Взяв чистый конверт, она аккуратно вложила в него письмо, тщательно запечатала, и по дороге к своему дому они зашли на почту, чтобы отправить это судьбоносное послание.
Открыв ключом дверь своей небольшой, но уютной квартиры, Варвара Михайловна показала девочке на небольшую комнату в дальнем конце коридора.
— Ты можешь расположиться здесь. Это комната младшей сестры моего мужа, она работает медсестрой в больнице, часто остается на ночные дежурства, так что ее редко бывает дома. Уверена, она не будет против.
— Спасибо вам, Варвара Михайловна. А что же с мамой… с похоронами?
— Я сама всем займусь, не волнуйся.
Рано утром следующего дня в школе ей передали скромную сумму, которую всем миром собрали учителя и сотрудники на погребение. Теперь ей предстояло совершить самый печальный долг — проводить в последний путь мать своей маленькой подопечной.
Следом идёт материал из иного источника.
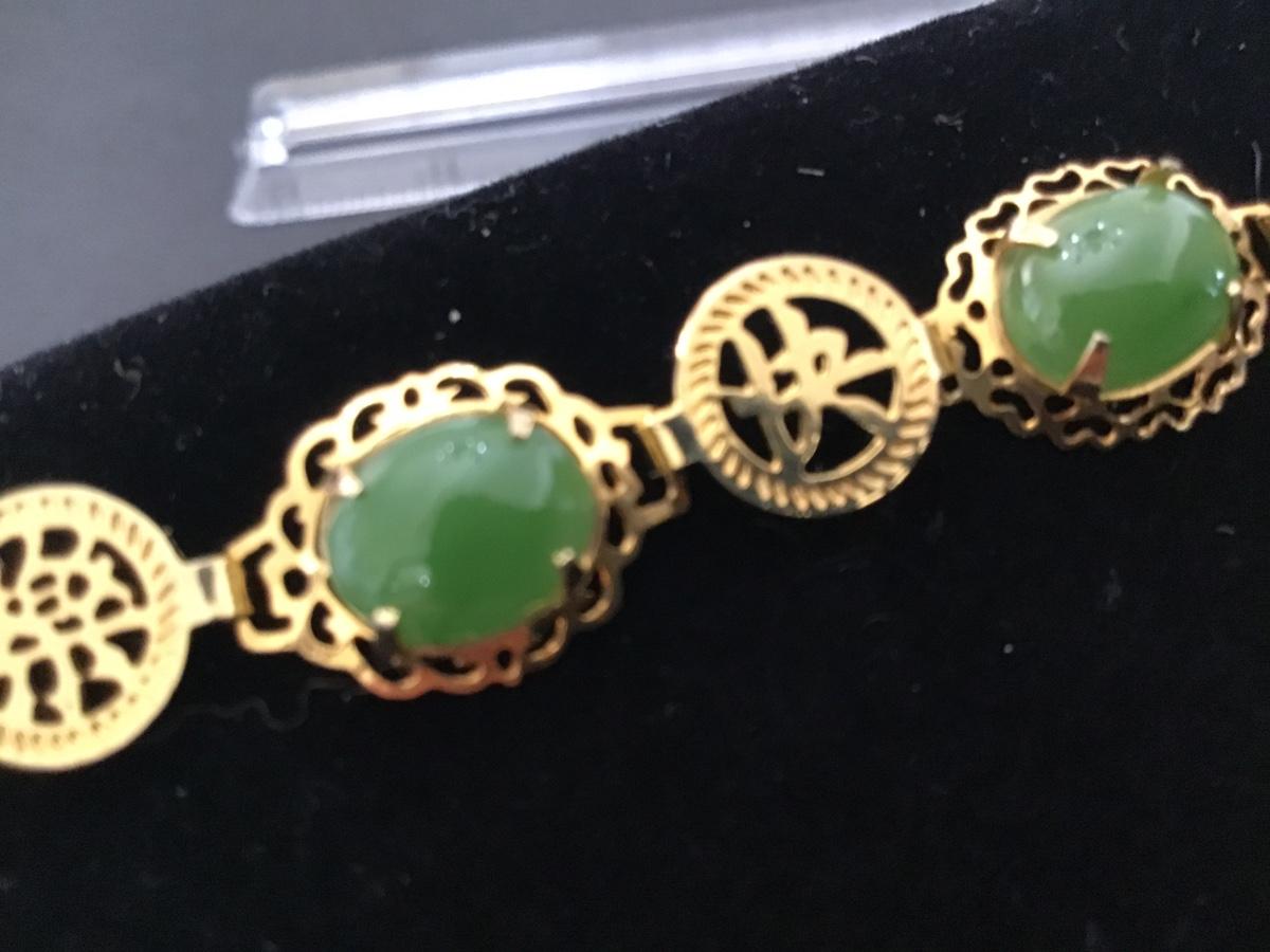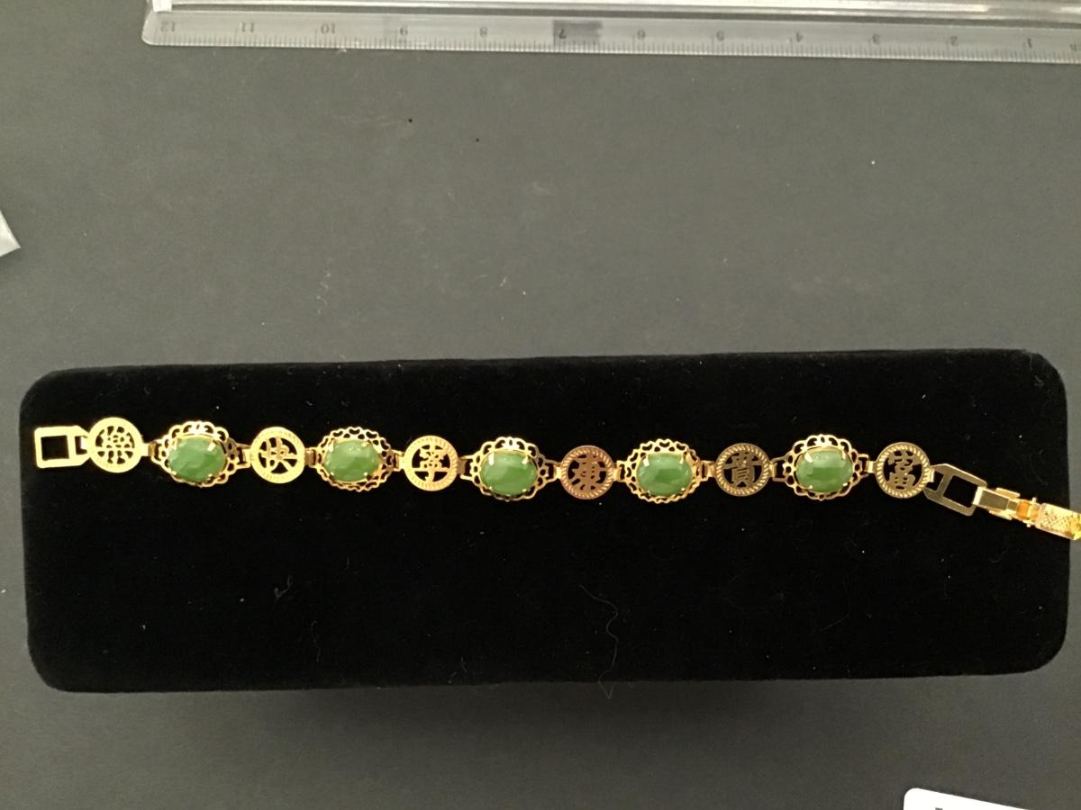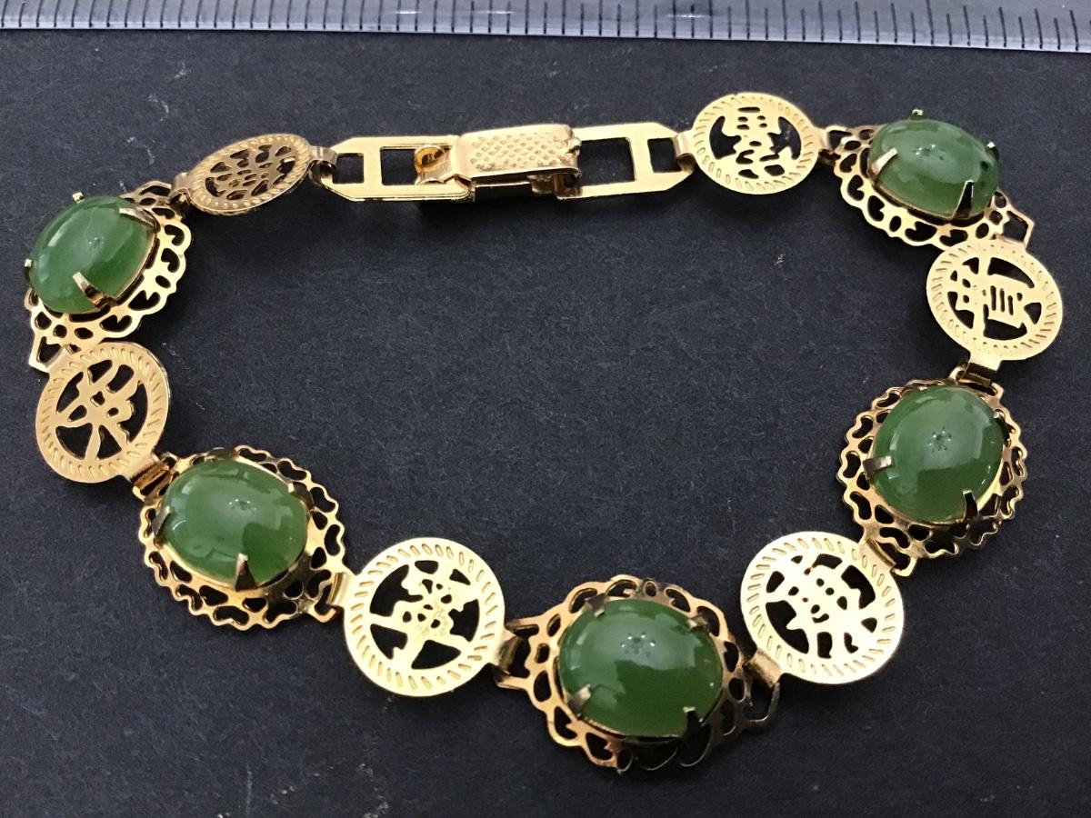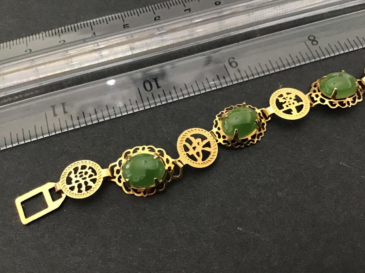 Dainty Gold Tone Green Stone or Glass Bracelet
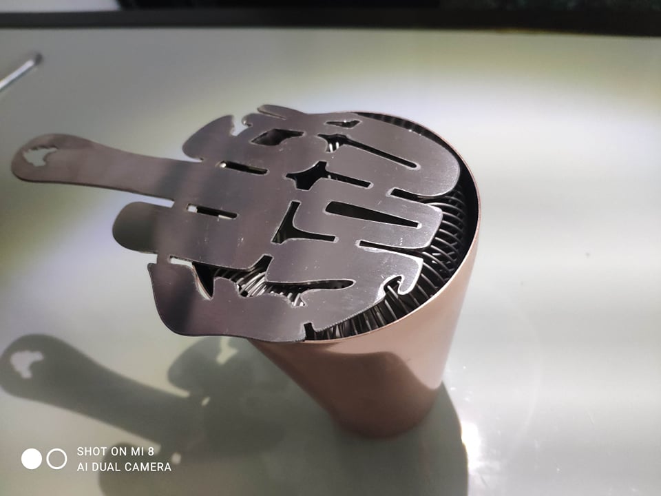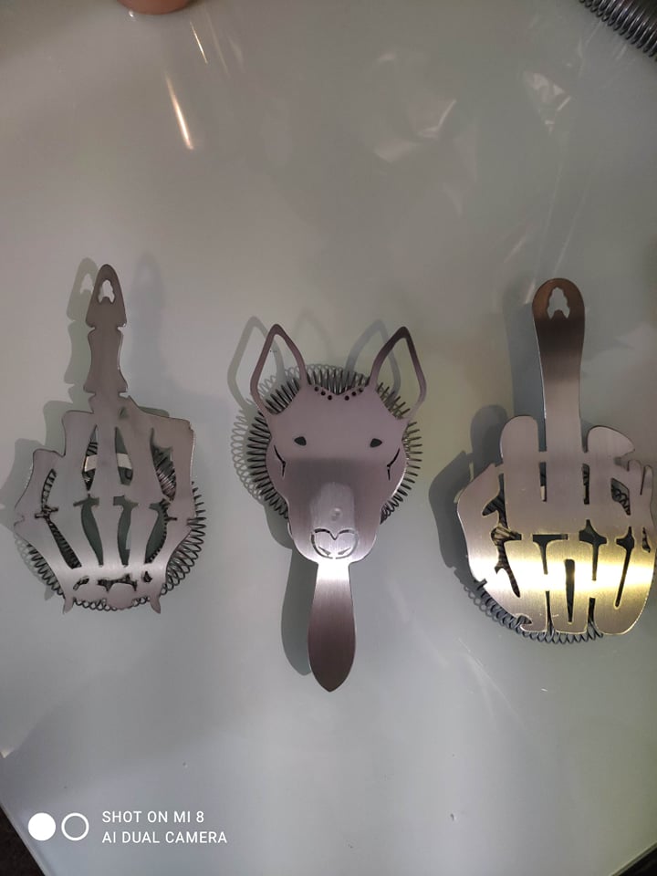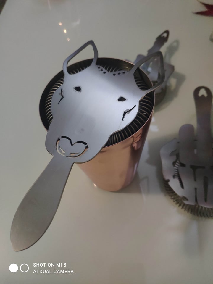 “Successivamente”, racconta l’autore, “ho cercato di produrre altre due tipologie di prodotto che come forma si potevano adattare ad una tipologia di strainer. Attualmente vi sono produzione anche due tipologie di bar mat in acciaio riportanti il mio marchio registrato, che è BardoG . “
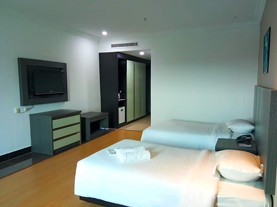 A room for 2 facing Limbang Town or the mosque. Offers air conditioning, a satellite TV and an electric kettle.
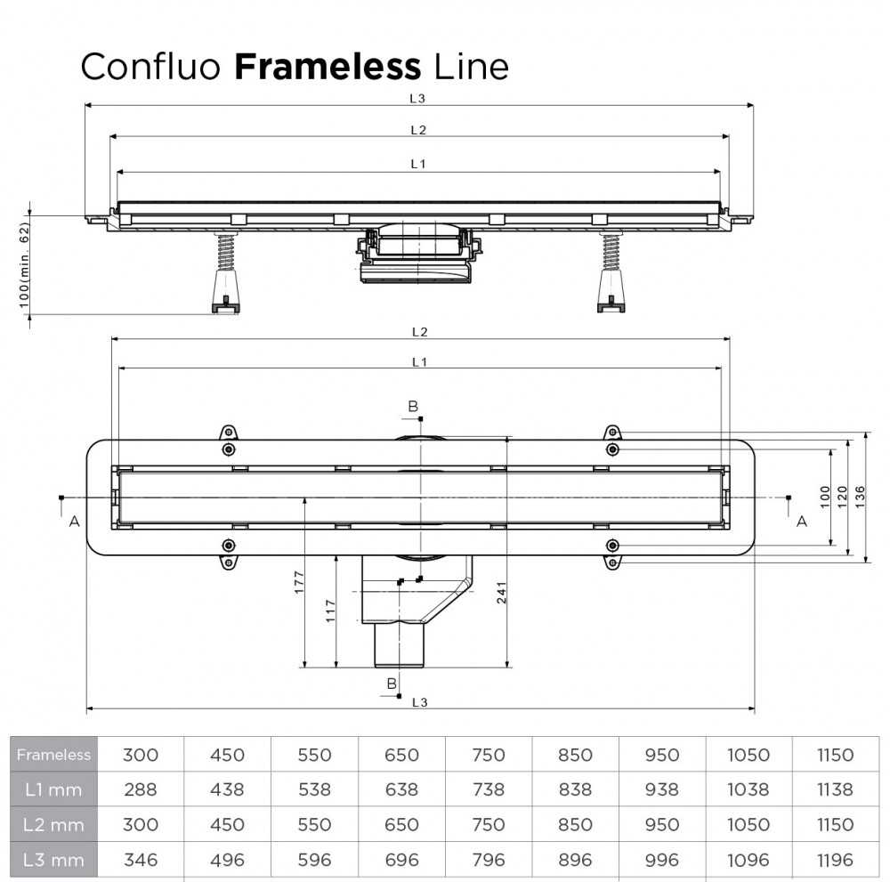 Минимальная монтажная высота, мм: - 62
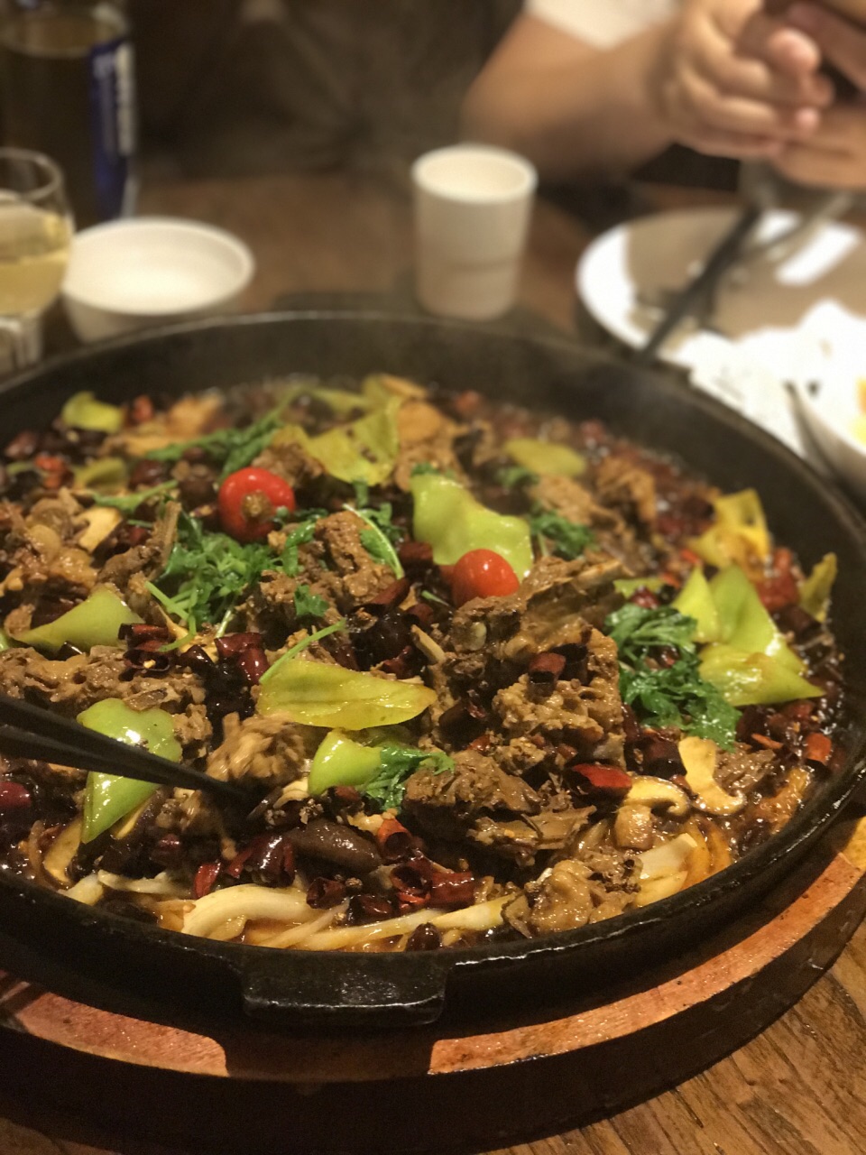 中午约了高新区的朋友一起吃饭,为了不排队特意等过了饭点再去的,自从这家单店上了必吃榜后就更火了。他家服务也是众分店中最好的,点菜上菜跟进都比较及时,所以在这里吃饭还是比较舒坦的。 一行五人点了4斤鱼,3斤羊肉,外加几个炒菜~ #老板恋上鱼# 这种必点菜除了稍微油腻点外,味道深受济南人民欢迎,4斤的大份被我们消灭精光,中辣依然过瘾。过油后用多种中药材搭配的味料铁板烹制,外皮有嚼劲,内里则鲜嫩可口,入味丰富; #老板东山羊# 第二次吃他家的东山羊,小份3斤,没有他家回鱼那么出名,但也配得上一句“不错”,稍咸,里面肥瘦相间的羊排最香,被汤汁浸透的碎肉也很好吃,四星; 其他小菜就是个搭头,尝尝就好,懒得多说~ 吃掉罪恶的两碗米饭后,我只能晚上在健身房多多挥洒汗水来消耗午饭的热量了
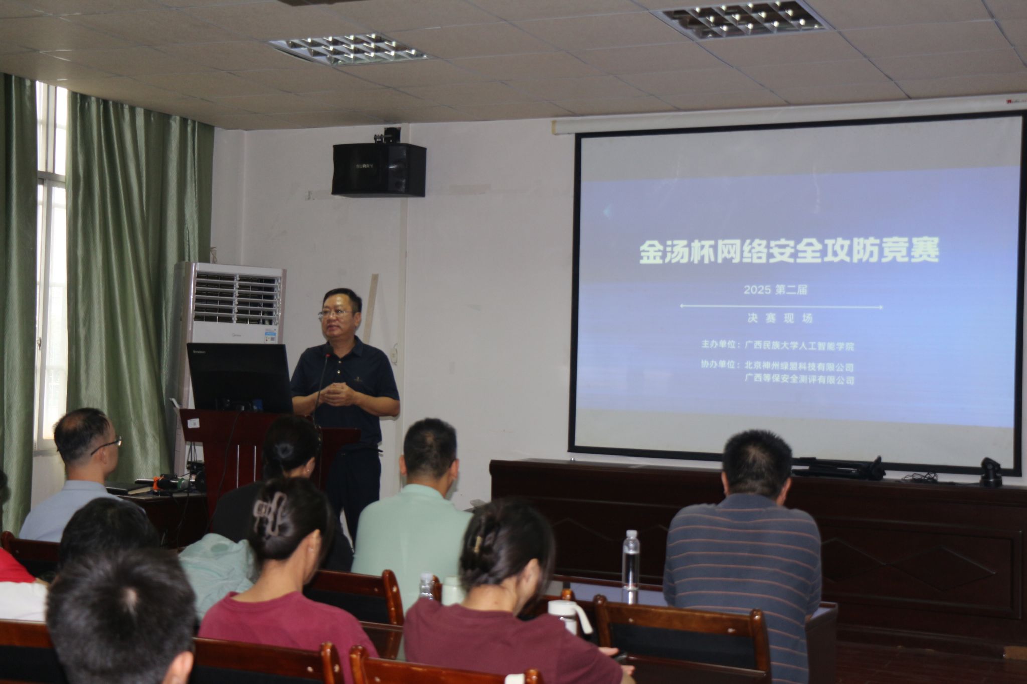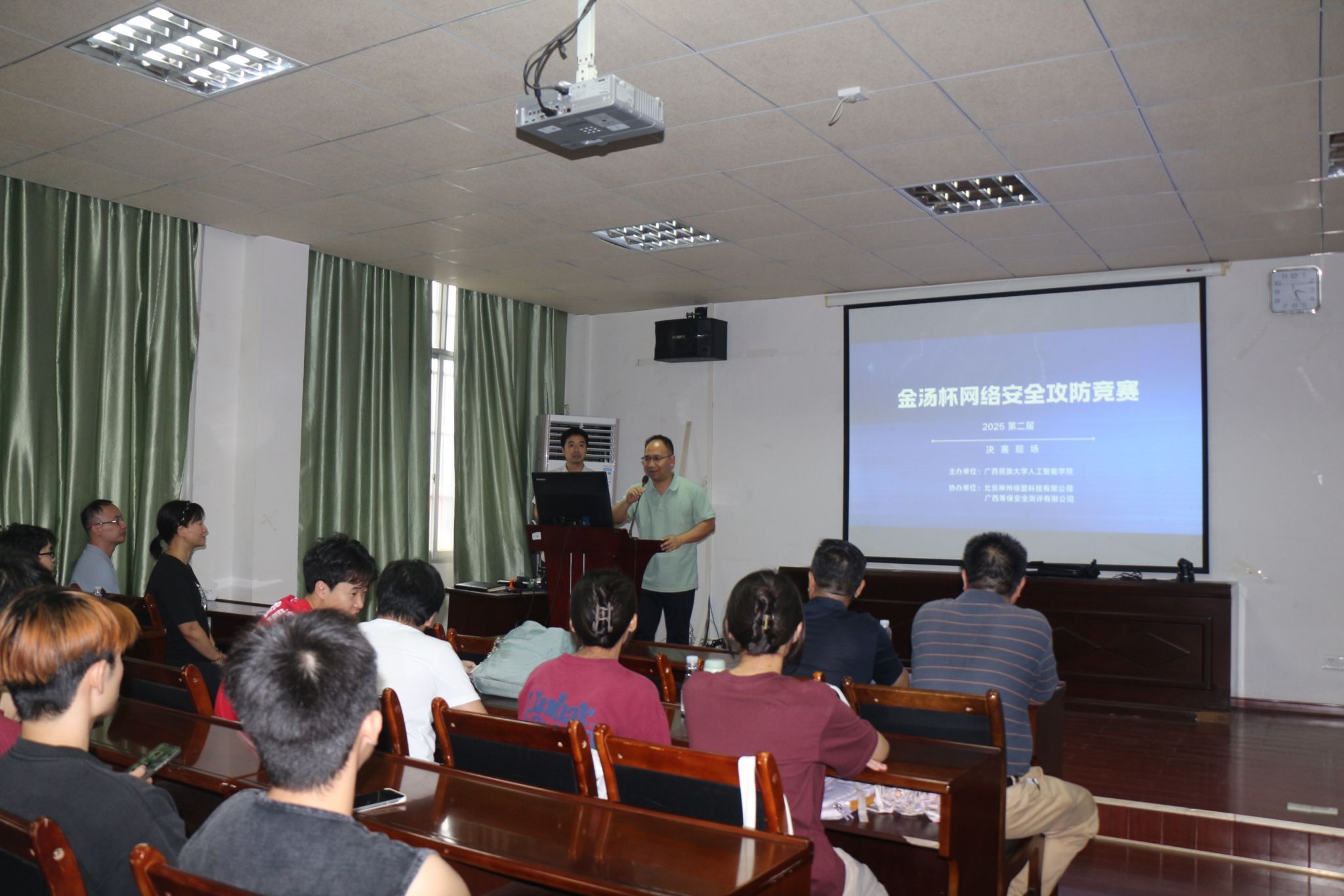 5月10日,由教务处与公司联合举办的william威廉英国官网第二届“金汤杯”网络安全攻防竞赛决赛于博达楼圆满结束。本次比赛获得来自北京神州绿盟科技有限公司、广西等保安全测评有限公司的大力支持。
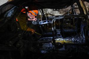 (260326) -- NAHARIYA, 26 marzo, 2026 (Xinhua) -- Un miembro de las fuerzas de seguridad y rescate israelíes trabaja en el sitio de un ataque con cohete lanzado desde Líbano, en Nahariya, en el norte de Israel, el 26 de marzo de 2026. Un hombre murió y otro resultó gravemente herido cuando un cohete lanzado desde Líbano impactó en la ciudad de Nahariya, en el norte de Israel, el jueves por la tarde, de acuerdo con el servicio de ambulancias Magen David Adom de Israel. (Xinhua/JINI) (jg) (ah) (vf)
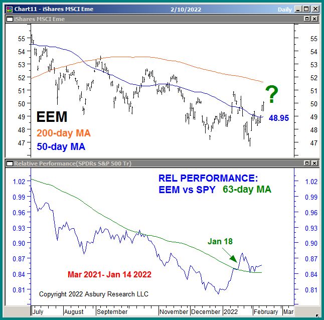 The green highlights in the lower panel point out that EEM began a new trend of Strategic (63-day, quarterly) relative outperformance versus the SPDR S&P 500 ETF Trust (SPY) on Jan 18th, after previously underperforming since March 2021. Meanwhile, the upper panel shows that EEM is edging above its 50-day MA to suggest an emerging minor bullish trend change.

После похорон прошло больше месяца, но ответа из деревни они так и не получили. Варвара Михайловна написала еще несколько писем, но все они остались без ответа. Тогда она решилась на крайнюю меру — написала последнее, ультимативное письмо, в котором сообщала, что в случае молчания будет вынуждена приехать лично вместе с Ксенией. Ответ пришел surprisingly быстро, буквально через три дня, — угроза видимо возымела действие.
«Я получил все Ваши письма и спешу сообщить, что у меня нет дочери по имени Надежда. Я не желаю иметь с ней и ее семьей ничего общего. Прошу Вас больше не беспокоить нашу семью своими посланиями. Архип Семенович Ильин.»
— Как? Как можно быть таким жестоким? — взорвалась гневом Варвара Михайловна, в ярости сжимая в руках злополучный листок. — Неужели в них не осталось ничего человеческого? Они даже не проводили собственную дочь в последний путь, и теперь отворачиваются от единственной внучки! Как это можно назвать? Разве такое вообще возможно? Неужели обида и злость могут настолько затмить разум и вытравить из сердца все человеческое?
Она почти трясла письмом перед лицом директора, задыхаясь от охватившей ее бессильной ярости.
— Варвара Михайловна, в жизни, к сожалению, случается разное. Теперь вы понимаете, что другого выхода не остается? Девочку придется определить в детский дом, мы и так уже нарушили все мыслимые инструкции и правила.
— Нет, я не сдамся так легко!
— А что вы можете сделать?
— Я сама поеду к ним и поговорю с ними лицом к лицу! Так нельзя, это неправильно!
— Но подумайте о самой девочке… — Зинаида Тимофеевна пыталась ее успокоить и остудить ее праведный пыл.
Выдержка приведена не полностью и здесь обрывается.